Cost: $80–$180 total.

Best for: People who travel, or who keep forgetting to water but don’t want to commit to a proprietary hydroponic system.

The 7 herbs that thrive indoors under artificial light

Some herbs love indoor conditions; others struggle. Here are the ones that consistently do well:

Basil — The single best indoor herb. Fast-growing, productive, and forgiving. Genovese is the standard; Greek basil is more compact and disease-resistant.

Mint — Aggressively easy. Grow in its own pot or it’ll take over neighboring herbs. Peppermint and spearmint are the most useful in cooking.

Parsley — Slow to start (germination takes 2–3 weeks) but extremely productive once established. Flat-leaf has more flavor than curly.

Cilantro — Bolts quickly (goes to flower and seed within 6–8 weeks). Plant fresh batches every 3–4 weeks for continuous supply.

Chives — One of the easiest. Survives almost anything. Snip with scissors as needed; regrows constantly.

Oregano — Grows slowly but lasts for years once established. Excellent dried.

Thyme — Slow grower, prefers slightly drier conditions than the others. Worth it for the flavor.

Worth mentioning, but harder: Rosemary (woody Mediterranean herb that wants more light and drier conditions), sage (similar), and tarragon (finicky). These can all work indoors but expect lower yields and slower growth.

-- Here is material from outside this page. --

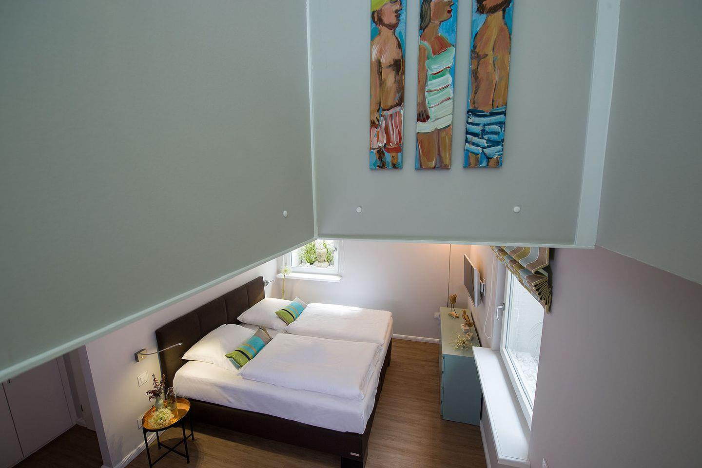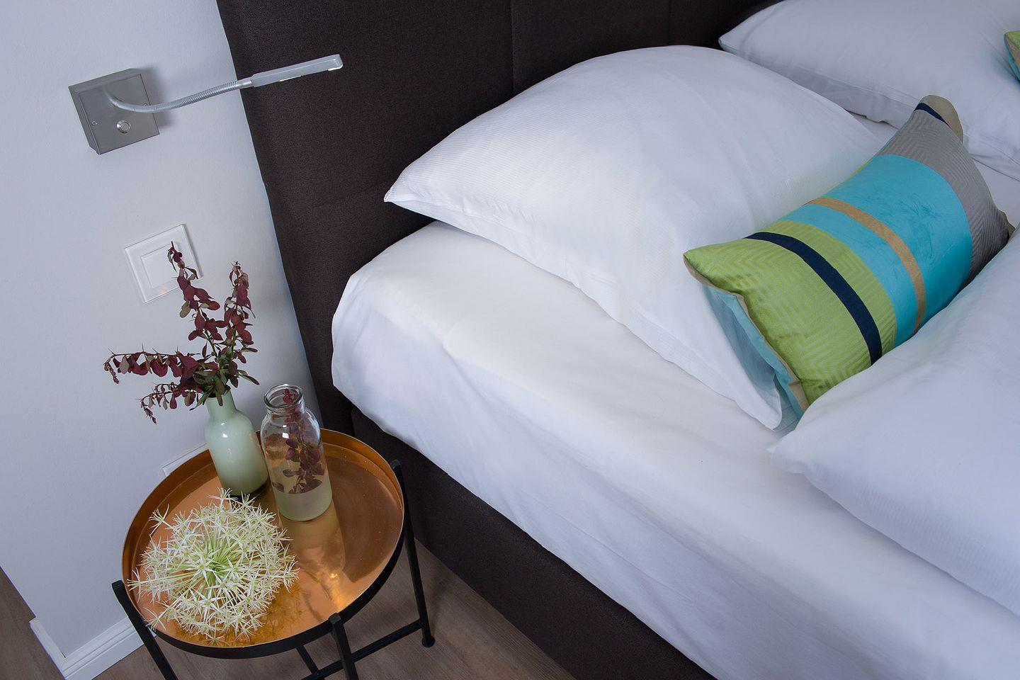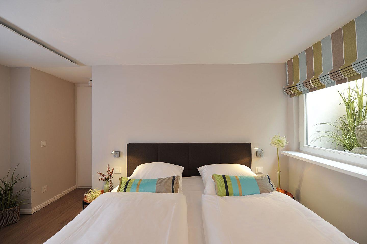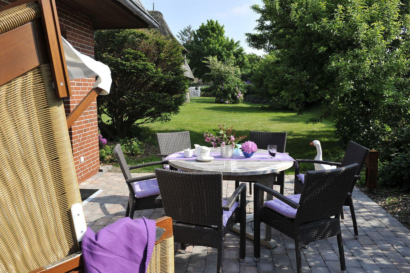 Das exklusive Ferien Domizil im Erich-Johannsen-Wai 7 in Keitum bietet für maximal zwei Personen ausreichend Platz, um hier gemeinsam auf zwei Ebenen und 74 m² entspannte Urlaubstage zu verbringen. Große Fensterfronten sorgen für ein natürliches und helles Wohlbefinden. Sie öffnen die Wohnung hin zu den Plätzen auf der Terrasse und in den 9000 m² großen Gemeinschaftsgarten. Von morgens bis abends lässt sich die Sonne genießen. Strand-Motive prägen die Dekore auf den Kissen und Stoffen des großzügigen Wohn– und Essbereichs. Die Farben Türkis und Brombeer gehören zum Farbkonzept der Inneneinrichtung und werden durch einen warmen Taupeton der Wände unterstrichen. Der offene Wohnbereich mit modernem Esstisch, kuscheliger Couch und voll ausgestatteter Küche tragen zum sympathischen Wohnambiente bei. Jeder Gast verfügt über ein eigenes, modernes Bad. Abends findet man Ruhe und Entspannung bei gutem Essen und einer Flasche Wein vor dem Ethanol-Kamin. Eine schöne Holztreppe verbindet den Wohnbereich mit dem behaglich anmutenden Schlafbereich im Untergeschoss. Das Ferien Domizil »Sonnenkoje« ist aufgrund seiner besonderen Lage ein idealer Ausgangspunkt, um den grünen Ort der Insel – Keitum – mit seinen zahlreichen Alleen und dem alten Baumbestand zu erkunden.

Step-by-step: setting up a sunless herb garden from scratch

For most readers, here’s the simplest viable setup, end-to-end:

Hardware (~$120 total):

  • One AeroGarden Harvest 360 or equivalent ($100 on sale). See our hydroponic systems guide for alternatives.
  • Or: 4 small pots with drainage + bag of potting mix + a $30 Sansi grow light bulb in a desk lamp.

Plants:

  • Start with basil, parsley, and chives. They’re the most productive and the most likely to succeed your first time.

Setup steps (15 minutes):

  1. Place hydroponic system on a counter, or position pots and grow light on a shelf.
  2. Plant seeds (or insert pods) according to system / packet instructions.
  3. Fill water reservoir (hydroponic) or water soil (pots).
  4. Set light schedule: 14–16 hours on, 8–10 hours off. A timer or smart plug handles this.
  5. Walk away.

First two weeks:

  • Check water level every few days.
  • Most seeds sprout in 5–10 days.

Weeks 3–6:

  • Harvest leafy herbs by snipping the top sets of leaves (this encourages bushier growth).
  • Top up water as the reservoir lowers.

That’s it. You’ll have fresh herbs in your kitchen on a continuous basis.

Frequently asked questions

Will indoor herbs grown under artificial light taste as good?

Yes. Hydroponic and grow-light herbs taste identical to soil-grown windowsill herbs in blind tests for most cooks. The flavor depends on the variety and how fresh you cut it, not whether the light came from the sun.

How many hours of grow light per day do herbs need?

14–16 hours is ideal. Less than 12 and growth slows noticeably. More than 18 doesn’t help.

Do I need to fertilize?

Hydroponic systems handle nutrients via their solution — top up monthly. Soil-grown herbs need light feeding every 4–6 weeks with a diluted liquid fertilizer, but not in their first month.

Can I grow herbs in a bathroom or closet?

Yes. Bathrooms are actually good (humidity loves herbs). Closets work if you can hang a grow light. The only requirements are: a flat surface, an electrical outlet, and any minor airflow.

What happens to grow lights in summer? Do I still need them?

If your apartment never gets direct light, yes — year-round. If you get some seasonal light from a window, you can dim or reduce hours in summer.

The bottom line

Growing herbs indoors without sunlight is no longer the niche, technical project it used to be. The two paths are simple: buy a countertop hydroponic system (easiest) or set up pots under a grow light (most flexible).

Both work. Both produce real, fresh, kitchen-quality herbs. Both will get you basil better than what your grocery store sells, in less time and for less ongoing cost.

The hardest part of indoor herb growing in 2026 is choosing what to plant. Start with basil. Everything else gets easier from there.